Uno: educación; dos: educación; tres: educación

Por: Lic. César Sánchez Olivencia.
Uno: educación; dos: educación; tres: educación
Foto: Medios

- “Miedos literarios no tengo ninguno. Siempre he sabido muy bien lo que quiero hacer y me levanto y lo hago. Me levanto por la mañana y a las siete y ocho estoy escribiendo. Ya tengo mis notas y ya empiezo. Así que entre mis libros, mi mujer, mis amigos y mis amores, ya tengo bastantes razones para seguir viviendo.”
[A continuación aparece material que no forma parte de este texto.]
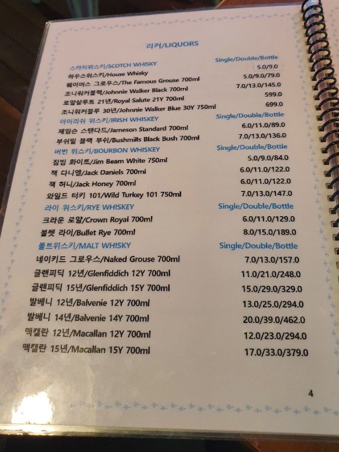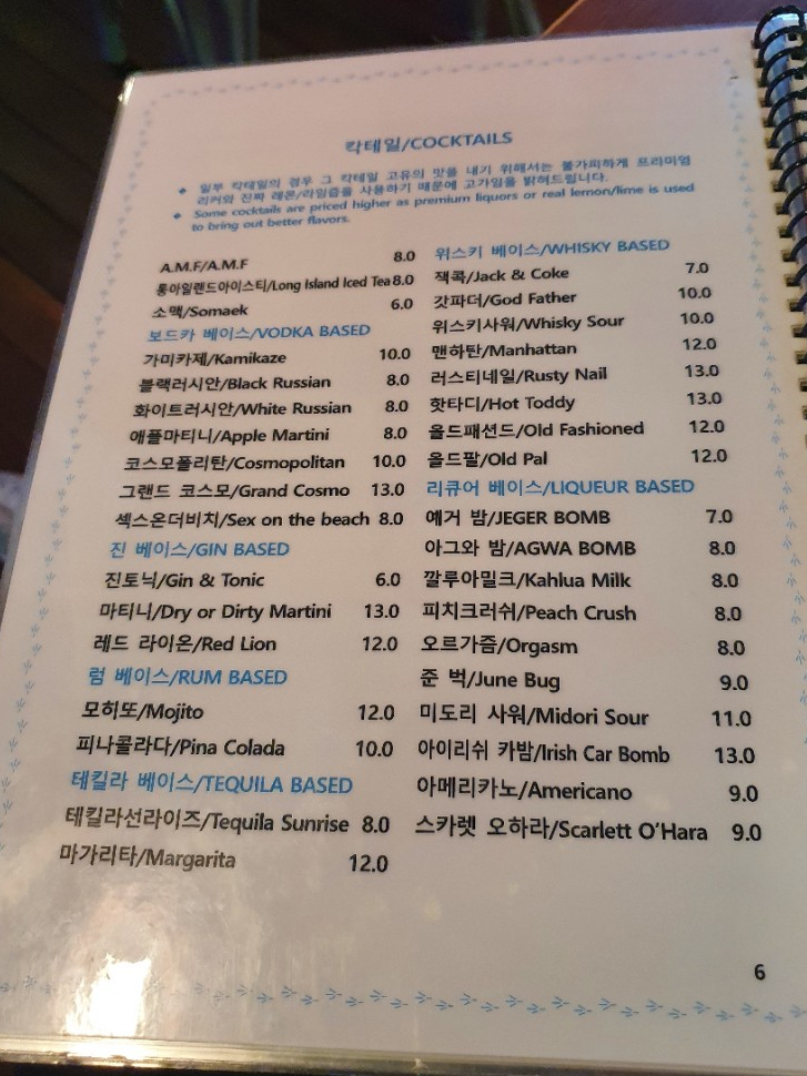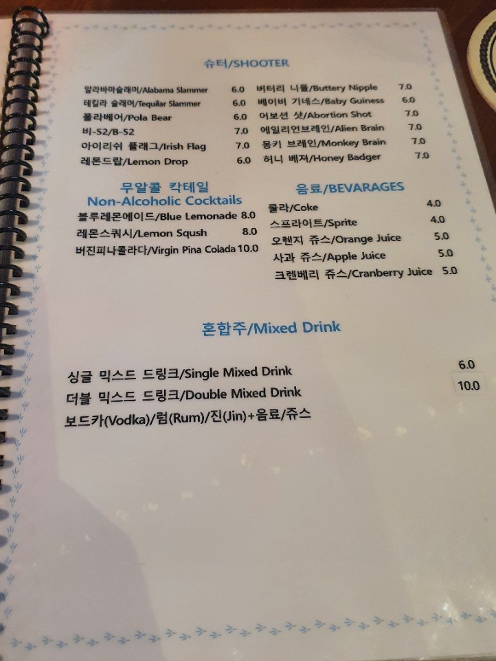 메뉴가 진짜 많아.각종 맥주에 칵테일에 보드카, 위스키, 양주까지

Carlos Fuentes ha muerto y Artemio Cruz vive. Es el misterio de la literatura, que compartimos todos los que amamos la narrativa. Terminó de escribir su novela Federico  en su balcón, en la que planteaba un diálogo con el filósofo alemán Friedrich Nietzsche y llegó a entregar los originales a la editorial Alfaguara. Este es Carlos Fuentes: un hombre que amaba la educación.

Ha dejado dos obras listas para su publicación: un ensayo titulado Personas y una novela para su próxima entrega que titulaba El baile del centenario.Sobre este ensayo, Fuentes decía que se tenía que "apurar a publicarlo", porque contiene sus impresiones acerca de personas ya fallecidas, que más habían influido en su vida.

- “Siempre tengo un proyecto pendiente”.

Sus cuentos, novelas y ensayos están inspirados principalmente por la historia y la problemática de México, pero él fue un hombre universal, que conoció muchas literaturas, en muchas lenguas, y que vivió de una manera comprometida todos los grandes problemas políticos y culturales de su tiempo (…)gran trabajador, disciplinado y entusiasta, que escribe todo con brillantez y buena prosa", dice el Nobel Mario Vargas Llosa.

La obra de Carlos Fuentes  es moderna desde el punto de vista de las estructuras, el estilo, el manejo de los recursos técnicos que definen la literatura del siglo veinte, es también una demostración de dominio sobre los temas más tradicionales de la literatura latinoamericana, que se inserta en la producción literaria de todos los tiempos y todas las latitudes..

Los temas, estructuras, técnicas revelan una concepción humana de los hombres y las mujeres que retrata. La representación de los personajes creados por Fuentes nos permite darnos buena cuenta de la complejidad inextricable del ser humano, de sus quehaceres, de sus circunstancias, de su personalidad y de la realidad social en las que interactúan.

Fuentes  propone la exploración de la interioridad humana como matriz real del todo:

- “.. para SER, el hombre debe asesinar al Tiempo... El hombre actual vive, no para él, sino para su proyección en el futuro. No existe el hombre. Existe SU participación en el Tiempo... Y así nunca trascenderá el Hombre al Hombre, sino al vacío. El Tiempo debe detenerse, el Hombre debe salir del océano asfixiante de relojes suizos en el cual diluye su promesa. Al perder al Tiempo el Hombre encontrará al Hombre”.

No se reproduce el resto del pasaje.